MARKET GAUGE- Confirmed Uptrend
OVERVIEW- The major indices confirmed an attempted rally that started on 10/30 Wednesday by rallying over 2% on an increase in trading volume. It remains to be seen how much traction this rally receives but I think its important to note a few things. Firstly, the market high of September marks a top and a possible change trend until that high is taken out. So, in spite of the newly confirmed uptrend we have to consider we may possibly have new longer to intermediate term trend in place as all signals should be taken seriously. Secondly, we are in a historically positive seasonality period that may help propel this recent rally into the end of the year. Lastly, we also have to recognize that these V-shaped recoveries that print on the charts can be hard to sustain on a shorter term basis. Furthermore, these recoveries are running into some important support/resistance zones on the charts. As usual, the market prints a grey area for traders to navigate thru and as a result they should continue to monitor the health of the general market on a daily and weekly basis, as we do here, while also paying close attention to the action of individual leading stocks. Although our Market Gauge is in “Confirmed Uptrend” mode we feel it would be prudent for bullish traders to get long slowly until the indices prove themselves further, rather than jumping in with both feet. Now, let’s take our weekend run thru the four index charts we monitor here.
SPY- Our confirmed follow thru signal on Wednesday sent the S&P 500 ETF right up into an important support/resistance zone near the $280 level that dates back to March of this year. This V-Shaped recovery that is marked on the chart below traveled over 8% off the corrective lows, registered on 10/29, in just seven sessions. This is a large move in a short period of time and these sharp retracements can be hard to sustain without some type of consolidation over the shorter term, especially as they run into prior support resistance zones on the charts. I think the next couple weeks will prove to be very interesting as positive seasonality may be enough to push prices higher, however, many bears lick their chops when they see these type of set ups on the charts. With a confirmed uptrend in place we will now monitor distribution days in the volume pane and we can see that the ETF did register its first day of distribution of this rally on Friday. Occasional distribution days are normal and acceptable until they start to mount to 5-7 days within a 20-25 session period which would start to put us in a cautionary stance. It is also important to note that distribution days that register quickly on the heels of newly confirmed rallies can raise the odds of failure. Confirmed uptrend or not, cautionary trading may still be the best route into the end of the year.
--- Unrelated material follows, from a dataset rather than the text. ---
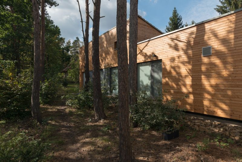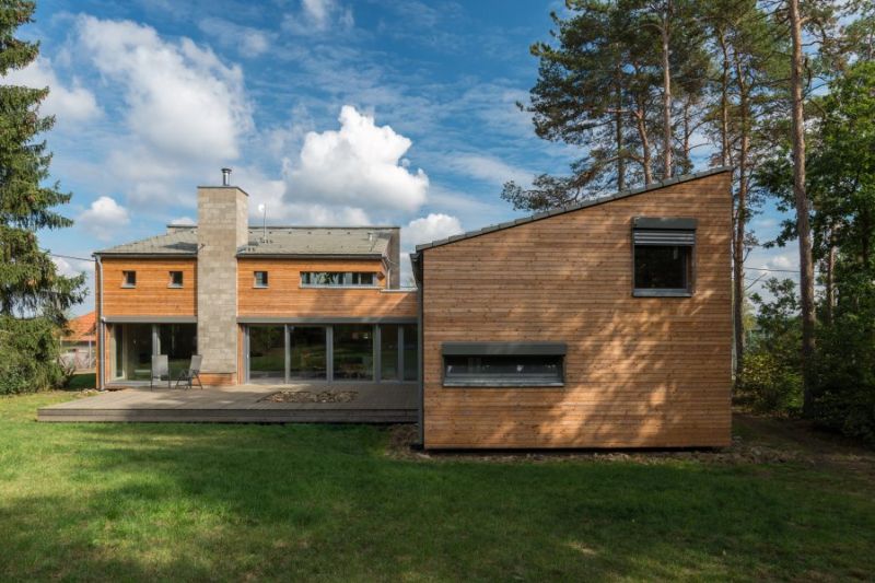 Na první pohled zaujme svým rázným tvaroslovím. Jako celek se smíšeným lesem v těsné blízkosti skutečně působí jako usedlost. Rozhodně však ne z minulého století. Snoubí tradiční představu o bydlení na vesnici s novodobým komfortem a estetikou. Co jí říkáte?

NASDAQ- The Nasdaq Composite underperformed on Friday losing 1.65%, however if we were to overlay these two charts on top of each other one would be hard pressed to tell the difference. Both charts are challenged by their 50 and 200 day EMA’s as they trade up into resistance areas. The congestion zone for the Composite is a bit wider than that of the S&P 500 ETF ranging from near 7500 to about 7630. Interestingly, the Nasdaq did not register a distribution day while the three other indices we cover here did, which is important because distribution days in close proximity to follow thru days raise the failure rate of newly confirmed uptrends.
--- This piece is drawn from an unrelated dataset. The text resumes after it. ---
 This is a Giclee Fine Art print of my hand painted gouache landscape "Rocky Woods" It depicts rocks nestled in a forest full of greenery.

QQQ- The Nasdaq 100 rallied hard on Wednesdays follow thru session blasting thru the 200 day EMA and trading right up to the 50 day EMA. This is an interesting area for the index as the 50 day EMA is running concurrently with a major support/resistance zone near $175. Once again we have a sharp V-shaped retracement rally that printed on the chart with plenty of overhead resistance to work thru. The 100 did register a distribution session on Friday as well and closed right on the 200 day EMA after slashing thru it intraday.
IWM- The underperforming Small Cap ETF has been staging a fierce recovery of its own after a nasty decline of over 16% in a short period of time. The index is facing an area of resistance near $160 with plenty of overhead supply above that level that could possibly plague the index down the road. The index also sports an extra bearish development on the charts that the others don’t in the form of a bearish moving cross over of the 200 day and 50 day EMA’s. The index did register a distribution day on Friday in a rather ugly session with a loss of 1.85%. A heavy challenge lies ahead for this index.